Estimating Redshifts by Quantifying Pixel Variations in UDG Candidates

I hypothesize that the presence of star forming knots and structural features within UDG candidates are indicators of their physical distances and sizes. If true, these features can be used to differentiate UDGs from spurious sources that contaminate our survey. To test this hypothesis, I measured pixel variations within the half-light radius of diffuse, spatially-extended galaxies to discriminate likely UDG-candidates from spurious, foreground sources. Pixel variation are measured by applying a 1D-KDE on the distribution of pixel intensities from the residual image taken between the DECaLS/DES images of candidates and their GALFIT models. I used the mean squared error to quantify how much the KDE deviates from a zero-mean Gaussian to quantify the amount of structure is in the UDG candidate. I find that the MSE (and therefore the presence of structures & knots in UDG candidate) appear to scale linearly with redshift. We can use this result to select targets for the next observational run at the Large Binocular Telescope (LBT) in mid-January 2018.

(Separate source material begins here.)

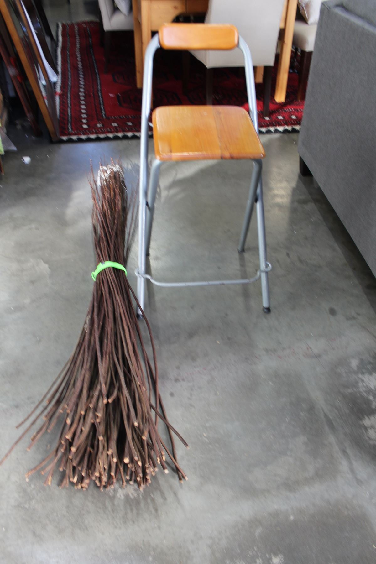 BUNDLE OF DECORATIVE STICKS AND SMALL STOOL

1. Incorporate objects we detect in our pipeline that have known velocities from NED. This may fill in the void between cz=2000-6000 km/s range. (However, most known foreground objects appear to be around cz~500-1000 km/s, placing them near the 3 other non-UDG sources we observed.)
2. Follow-up on the extreme outlier cases. Why are they outliers? (e.g. Foreground star overlaid on background UDG?) This may help reduce the variance in our result.
3. Determine ideal kernel and kernel bandwidth for every filter/band and calibrate MSE.
4. Compute pixel variation MSE for all candidate targets for the LBT 2018a observational run. Determine optimal targets & create MODS observing scripts.

1. Apply SVMs to determine MSE cut per band.
2. Update results with LBT 2018A targets.
3. Check PU0838589 and see why we didn't get redshift.